--- Your instructions ---
The copy you print must match the listing exactly, with its pictures removed.

--- Data excerpt ---
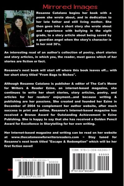Mirrored Images by Rosanne Catalano begins with a poem about, and dedication to, her late father and still-living mother. It then goes into a short story she wrote about an experience with bullying in the eighth grade of school to a story about being saved by a guardian angel when the story's character is in her mid 30's to another short story about a little boy who is abandoned by his mother when she starts dating a man who doesn't like children to yet another short story about how the author and her husband of 16 years met and fell in love to yet another short story about Christmas with her grandmother... The author shares ten of her short stories and two of her poems with you. An interesting read in which you may want to guess which of the short stories are fiction or fact. Rosanne's next book is titled 'Escape & Redemption,' but it will be a crime fiction novel that will start off where this book leaves off with her short story titled "From Bags to Riches".
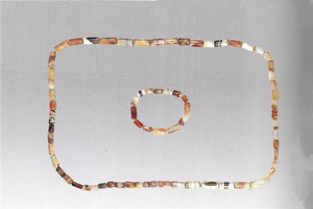 管状珠。珠身色彩多样,呈条纹状,有红、、青、淡黄、黑和灰色等,表面光泽较好。一些经高温烘烤的已无光泽,而且变成灰白色。完整而光泽较好的串珠,最大者长2厘米,最小的0.8厘米,大多数为1厘米。中山王族三号墓出土。
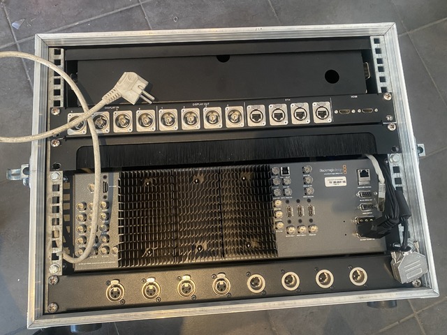 Vends régie vidéo complète idéale pour captation live, événementiel ou plateau multicam :- Pupitre mélangeur ATEM 2 M/E Broadcast Panel Blackmagic, installé dans un flycase conçu sur mesure Rythmes et Sons
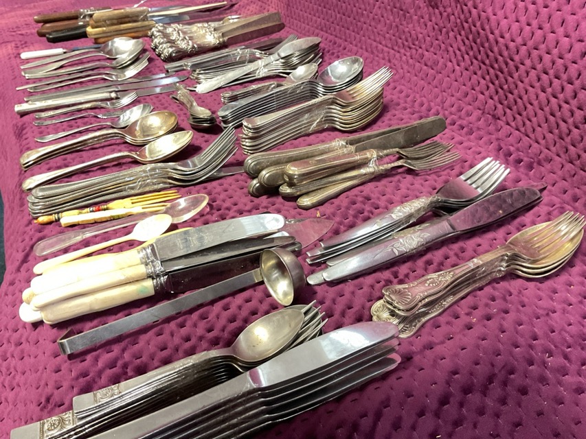 Miscellaneous silver plated, stainless steel, and chromed cutlery - a set of Victorian fruit knives & forks by Elkington, sets and part sets of dessert and soup spoons, dessert, fish, and table knives and forks, carving and kitchen knives, tea knives, Viners, Arthur Price, etc. (A lot)

--- Output of the exercise ---
Mirrored Images by Rosanne Catalano begins with a poem about, and dedication to, her late father and still-living mother. It then goes into a short story she wrote about an experience with bullying in the eighth grade of school to a story about being saved by a guardian angel when the story's character is in her mid 30's to another short story about a little boy who is abandoned by his mother when she starts dating a man who doesn't like children to yet another short story about how the author and her husband of 16 years met and fell in love to yet another short story about Christmas with her grandmother... The author shares ten of her short stories and two of her poems with you. An interesting read in which you may want to guess which of the short stories are fiction or fact. Rosanne's next book is titled 'Escape & Redemption,' but it will be a crime fiction novel that will start off where this book leaves off with her short story titled "From Bags to Riches".
 管状珠。珠身色彩多样,呈条纹状,有红、、青、淡黄、黑和灰色等,表面光泽较好。一些经高温烘烤的已无光泽,而且变成灰白色。完整而光泽较好的串珠,最大者长2厘米,最小的0.8厘米,大多数为1厘米。中山王族三号墓出土。
 Vends régie vidéo complète idéale pour captation live, événementiel ou plateau multicam :- Pupitre mélangeur ATEM 2 M/E Broadcast Panel Blackmagic, installé dans un flycase conçu sur mesure Rythmes et Sons
 Miscellaneous silver plated, stainless steel, and chromed cutlery - a set of Victorian fruit knives & forks by Elkington, sets and part sets of dessert and soup spoons, dessert, fish, and table knives and forks, carving and kitchen knives, tea knives, Viners, Arthur Price, etc. (A lot)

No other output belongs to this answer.